At first blush, it may seem odd to be discussing carbon monoxide on an HVACR-related blog in August, but I came across a discussion thread on the subject recently, and read about a 65-year-old couple who lived in a housing authority rental in Portsmouth, Virginia, and recently died of carbon monoxide poisoning….they were found dead in their apartment in late June….and I decided that I had to talk about it in this week’s post.
I’ve said before that when it comes to CO poisoning (the chemical designation for carbon monoxide is CO since it is a product of carbon and oxygen), many consumers don’t think about the possibility of it happening until they consider the heating equipment in their homes, and whether or not it’s safe to operate their gas or oil furnace through the heating season.
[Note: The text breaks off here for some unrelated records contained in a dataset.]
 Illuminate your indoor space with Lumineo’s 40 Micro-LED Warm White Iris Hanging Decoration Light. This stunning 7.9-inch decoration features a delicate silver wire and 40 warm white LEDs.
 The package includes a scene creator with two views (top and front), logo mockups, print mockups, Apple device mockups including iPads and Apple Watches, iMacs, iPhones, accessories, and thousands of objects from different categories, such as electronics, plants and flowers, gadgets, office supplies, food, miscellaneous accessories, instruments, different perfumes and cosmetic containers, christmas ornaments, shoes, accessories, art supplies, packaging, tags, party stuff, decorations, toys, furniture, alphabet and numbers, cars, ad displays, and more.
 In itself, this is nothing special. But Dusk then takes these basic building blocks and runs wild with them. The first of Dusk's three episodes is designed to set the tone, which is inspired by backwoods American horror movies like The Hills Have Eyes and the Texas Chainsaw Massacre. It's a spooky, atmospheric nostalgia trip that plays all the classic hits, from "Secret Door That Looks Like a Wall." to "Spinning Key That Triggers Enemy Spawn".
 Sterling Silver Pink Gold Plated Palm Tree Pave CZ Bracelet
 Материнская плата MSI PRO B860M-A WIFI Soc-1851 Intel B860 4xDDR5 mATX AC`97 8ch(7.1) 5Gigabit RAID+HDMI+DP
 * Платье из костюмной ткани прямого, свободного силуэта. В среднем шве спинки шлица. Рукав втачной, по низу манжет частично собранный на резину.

And, when they call in a professional to check their furnace sometime in the fall, one of the things they sort of have an idea about is that a fuel-burning furnace has a heat exchanger that, if it’s cracked, can cause the deadly by-products of combustion to leak into their living space. But, as I’ve also said many times before, CO poisoning doesn’t happen only in the winter, and it’s not only related to the operation of a furnace.
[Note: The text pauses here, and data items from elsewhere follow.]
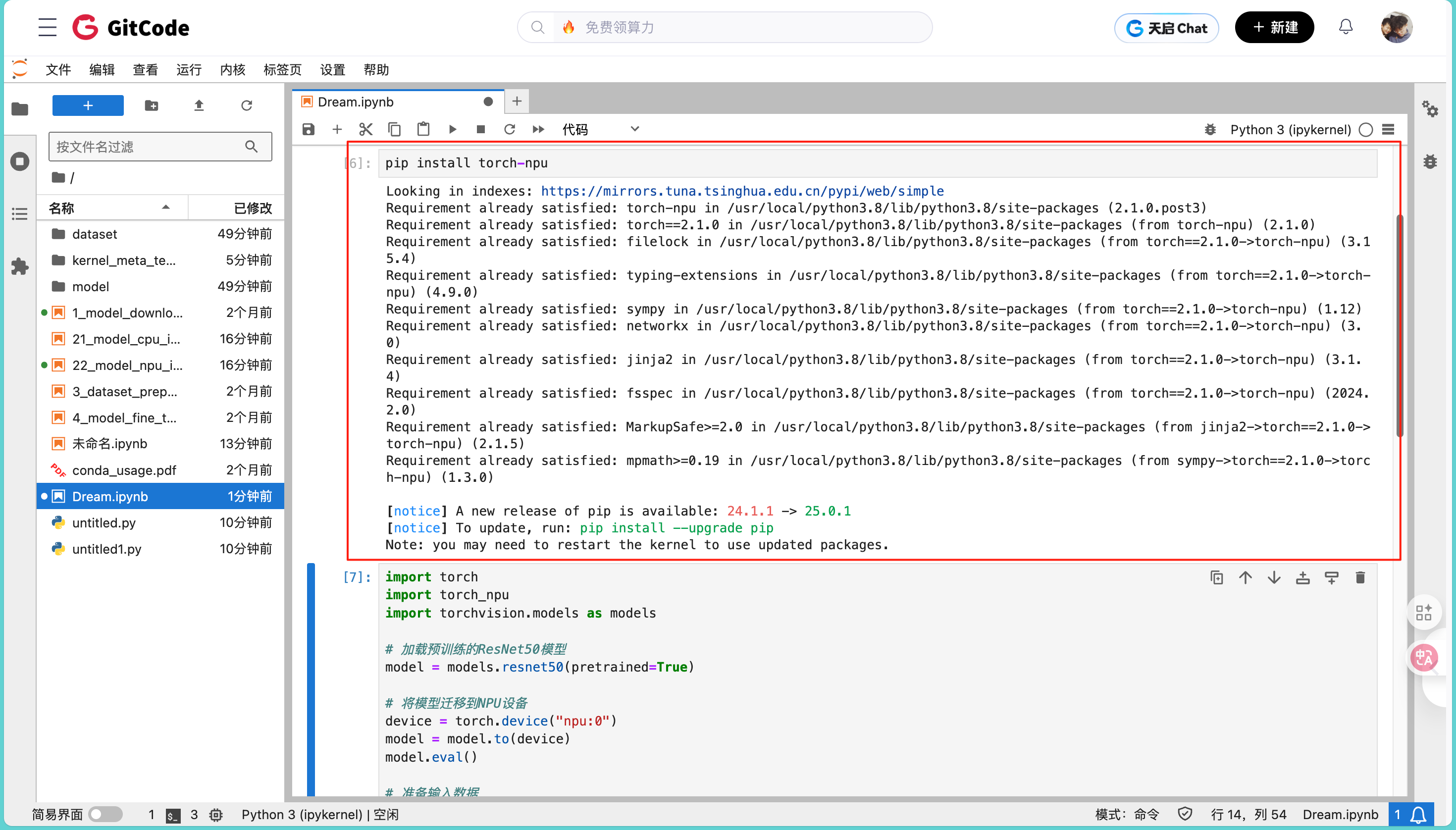 待进入 JupyterLab 环境后,首先需要在昇腾服务器上安装CANN(Compute Architecture for Neural Networks)开发套件,配置PyTorch适配插件torch_npu。这里我们新建一个 Python 终端,通过简单的pip命令即可完成安装,这里直接建一个jupyter中的ipynb文件即可,然后进去安装我们的npu,这里使用命令pip install torch-npu: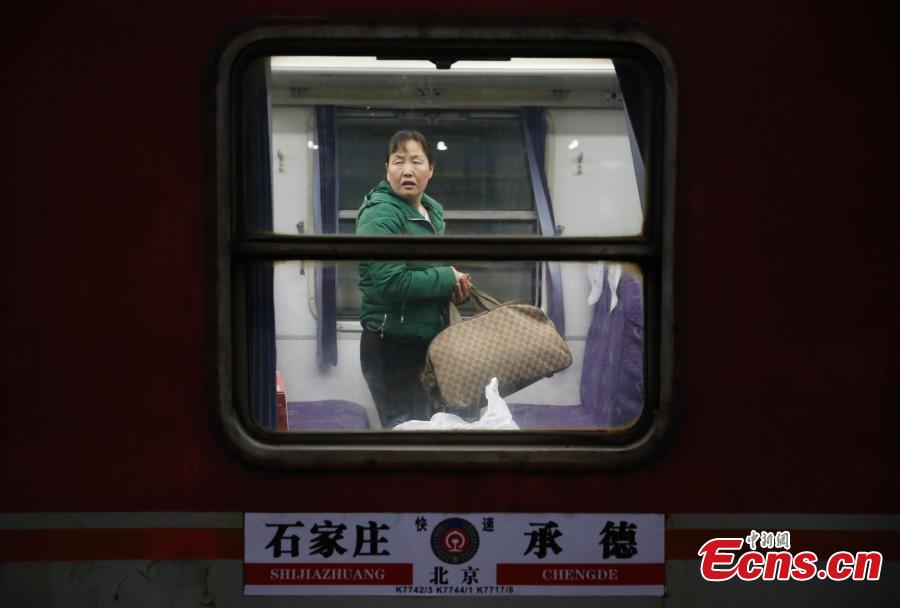 | Passengers take a train on the underground railway line connecting Beijing’s two major railway stations, March 20, 2015. The K7742 train from Shijiazhuang in Hebei province stops at the two stations before arriving at its destination Chengde, also in Hebei province. It takes 15 minutes for the train to travel the underground section, compared with the usual 40 minutes for passengers to transfer between the two stations using other public transport. Most passengers travelling to China's north and northeast have to depart from Beijing Railway Station, while those heading for the south board their trains at Beijing West Railway Station. The completion of the direct line between the two stations also marks the connection of the Beijing-Guangzhou Railway and the Beijing-Harbin Railway, two major railway lines in China. (Photo: China News Service/Liu Guanguan) |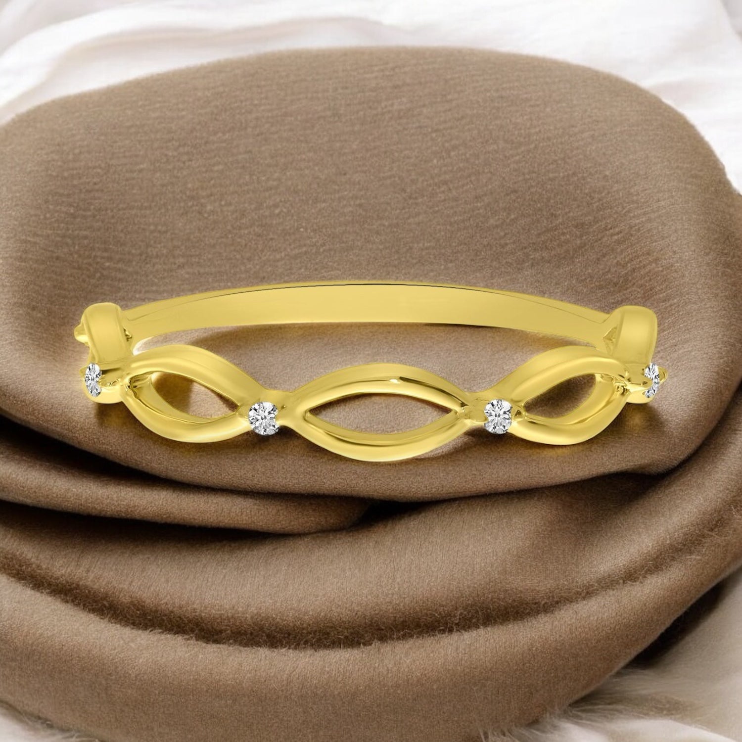 This 14K yellow gold band features 0.05 carats of spaced diamonds, offering a delicate sparkle that suits any occasion. Designed to be worn alone, as a wedding band, or stacked with other rings, it provides versatile elegance and comfort. Its timeless style supports your personal expression, making it a meaningful addition to your jewelry collection.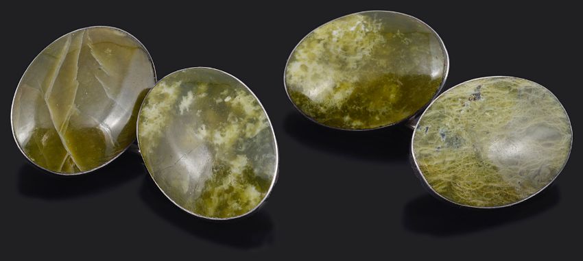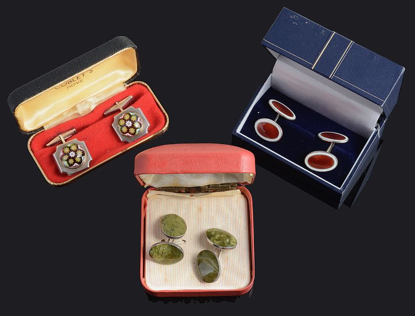 together with a pair of silver mounted millefiore glass set cufflinks and a pair of double sided silver mounted Connemara marble cufflinks (3)

A water heater that operates on natural gas or propane could be the source of carbon monoxide in a building, and one of the reasons it can occur is something that people often don’t think about; upgrading their home by making it more energy efficient. The reason this can happen is simple. Since a water heater employs a natural draft vent system that depends on a slightly negative pressure to expel carbon monoxide and the other by-products of combustion, making a building tighter could result in back-drafting, which causes causes the gases to spill back into the living space rather than being vented to the atmosphere. Non-vented appliances, such as gas ranges, are another source of dangerous CO levels in a building. If the burners are not properly adjusted and operating cleanly, they will emit higher-than-normal carbon monoxide.
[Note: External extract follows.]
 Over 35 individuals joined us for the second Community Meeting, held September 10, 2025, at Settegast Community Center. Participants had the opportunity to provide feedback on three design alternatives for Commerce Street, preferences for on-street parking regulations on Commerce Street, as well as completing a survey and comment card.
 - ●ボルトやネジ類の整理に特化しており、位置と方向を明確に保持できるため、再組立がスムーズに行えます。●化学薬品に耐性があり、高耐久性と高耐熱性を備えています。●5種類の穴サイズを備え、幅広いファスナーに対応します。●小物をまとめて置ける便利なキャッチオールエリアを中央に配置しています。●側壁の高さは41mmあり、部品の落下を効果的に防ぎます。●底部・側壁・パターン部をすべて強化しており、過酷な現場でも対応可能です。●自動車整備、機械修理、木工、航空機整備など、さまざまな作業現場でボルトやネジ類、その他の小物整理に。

Whatever the source, a CO alarm is supposed to protect the building inhabitants, but in the case of the people in Portsmouth, according to a news report, an investigation found that the alarm had been tampered with because there was no battery and wires had been cut. The report didn’t offer any details beyond that observation, but one has to wonder why the alarm had been purposely disabled. When it comes to CO alarms many people are surprised to find that the one they have in their home is useless for a variety of reasons. The first one is the age of the device. I have a standard over-the-counter alarm that I show at the beginning of our facility maintenance training workshops, and I tell attendees that although the alarm has never been out of the package, it is absolutely useless.
The reason? I bought it more than four years ago.
A CO alarm does what it does via a sensor that reacts to carbon monoxide, and in many cases, the shelf life of that sensor is approximately two years from the date of manufacture. A homeowner that isn’t aware of the fact that a CO alarm must be replaced regularly will often tell a technician that they are sure their alarm works because, they “change the battery every year and push the test button to make sure that the alarm goes off.”
That’s all well and good, but the fact of the matter is, pushing a test button only shows that the battery is not dead and that the alarm is being tested manually. The only way to check the sensor operation on a CO alarm is to employ a test kit consisting of a plastic bag that surrounds the alarm and an aerosol can of a chemical that, when sprayed into the bag, causes the alarm to sound.
Beyond the sensor life of a CO alarm, there is also its sensitivity to consider. In many cases, CO alarms are designed to sound only when the level of carbon monoxide in the building reaches a point where it would be harmful to a healthy adult male, which means that it provides practically no safety for women and children, infants, or the elderly, all of whom will be more adversely affected by lower levels of carbon monoxide.
As an HVACR technician it’s our responsibility to be aware of the limits of some CO alarms and conditions that can affect the proper operation of a vent system or a non-vented fuel-burning appliance.